Reputation: 393
I want to build an autocomplete feature using ElasticSearch and C#. But I am not getting the desired result. For demo purpose this is what I have done.
1) Created index called "names":
PUT names?pretty
2) Added 20 entries using POST command:
POST names/_doc/1
{
"name" : "John Smith"
}
3) List of Names:
[ "John Smith", "John Smitha", "John Smithb", "John Smithc", "John Smithd", "John Smithe", "John Smithf",
"John Smithg", "John Smithh", "John Smithi", "Smith John", "Smitha John", "Smithb John", "Smithc John",
"Smithd John", "Smithe John", "Smithf John", "Smithg John", "Smithh John", "Smithi John",]
4) When I run a prefix query:
GET names/_search
{
"query": {
"prefix": {
"name": {
"value": "Smith"
}
}
}
}
I expect to get back "Smith John", "Smitha John"
... But I am getting back "John Smith", "John Smitha"
...
What am I doing wrong? What do I need to change and where?
Upvotes: 2
Views: 1560
Reputation: 32376
You are defining your name
field as text
field which by default uses the standard analyzer and converts the tokens to lowercase. You can test this by using the analyze API of ES.

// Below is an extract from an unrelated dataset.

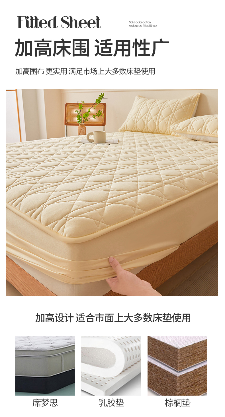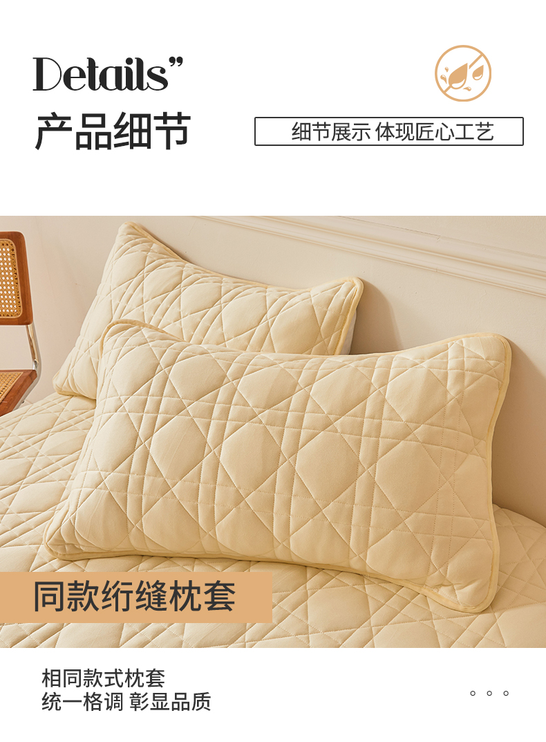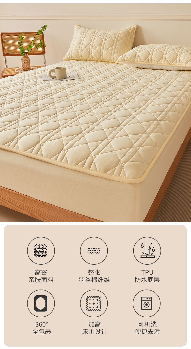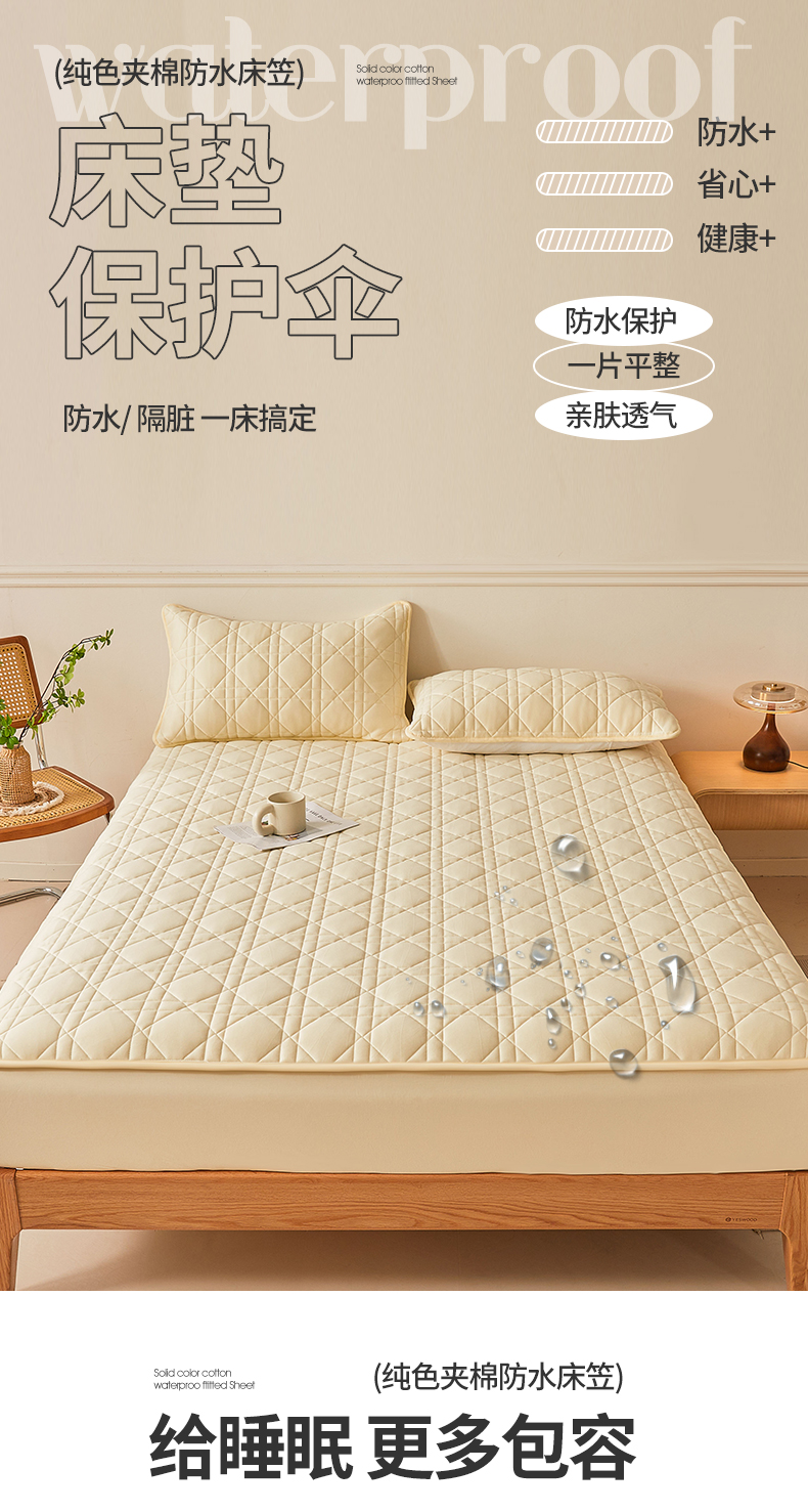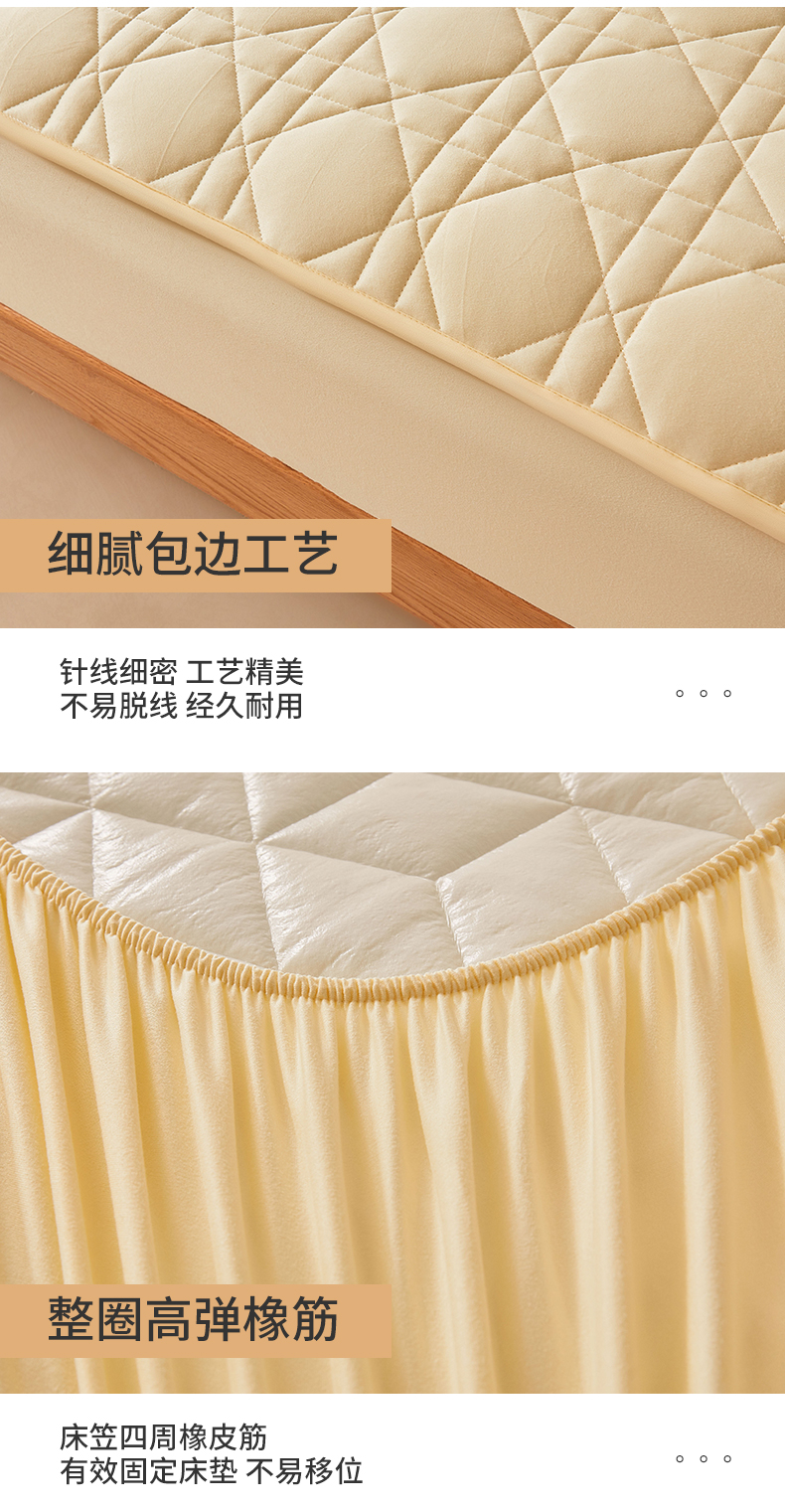 商品名称:予梦家纺 2024新款纯色夹棉防水床笠 星耀格 奶油黄

URL :- http://{{hostname}}:{{port}}/{{index}}/_analyze
{
"text": "John Smith",
"analyzer" : "keyword"
}
The output of above API
{
"tokens": [
{
"token": "John Smith",
"start_offset": 0,
"end_offset": 10,
"type": "word",
"position": 0
}
]
}
Notice that it's not breaking the text
and storing it as it is as explained in official ES doc.
{
"text": "Smith John",
"analyzer" : "standard"
}
The output of the above API:
{
"tokens": [
{
"token": "john",
"start_offset": 0,
"end_offset": 4,
"type": "<ALPHANUM>",
"position": 0
},
{
"token": "smith",
"start_offset": 5,
"end_offset": 10,
"type": "<ALPHANUM>",
"position": 1
}
]
}
Now when prefix query isn't analyzed and send it as it is to ES, hence Smith
notice with Capital S
would be sent to ES for token matching, now with updated mapping, only documents starting with Smith
will have that prefix and only these will come in search results.
{
"mappings": {
"properties": {
"name": {
"type": "text",
"analyzer": "keyword"
}
}
}
}
{
"query": {
"prefix": {
"name": {
"value": "Smith"
}
}
}
}
EDIT: :- ** Updated the setting based on the OP comments and based on above setting and search query, it gets only the results starts with Smith
as shown in below output
{
"took": 811,
"timed_out": false,
"_shards": {
"total": 1,
"successful": 1,
"skipped": 0,
"failed": 0
},
"hits": {
"total": {
"value": 5,
"relation": "eq"
},
"max_score": 1.0,
"hits": [
{
"_index": "59977669",
"_type": "_doc",
"_id": "6",
"_score": 1.0,
"_source": {
"name": "Smith John"
}
},
{
"_index": "59977669",
"_type": "_doc",
"_id": "7",
"_score": 1.0,
"_source": {
"name": "Smithb John"
}
},
{
"_index": "59977669",
"_type": "_doc",
"_id": "8",
"_score": 1.0,
"_source": {
"name": "Smithc John"
}
},
{
"_index": "59977669",
"_type": "_doc",
"_id": "9",
"_score": 1.0,
"_source": {
"name": "Smithd John"
}
},
{
"_index": "59977669",
"_type": "_doc",
"_id": "10",
"_score": 1.0,
"_source": {
"name": "Smithe John"
}
}
]
}
}
Upvotes: 1
Reputation: 217254
You need to run your prefix query on the name.keyword
field and not on the name
field.
GET names/_search
{
"query": {
"prefix": {
"name.keyword": {
"value": "Smith"
}
}
}
}
The reason is that the name.keyword
field is of type keyword
and is not analyzed (i.e. one token John Smith
is indexed) and hence you can perform and exact match query on it. The name
field is of type text
and is analyzed (i.e. two tokens john
and smith
are indexed) and hence your exact match (or prefix match) query doesn't work.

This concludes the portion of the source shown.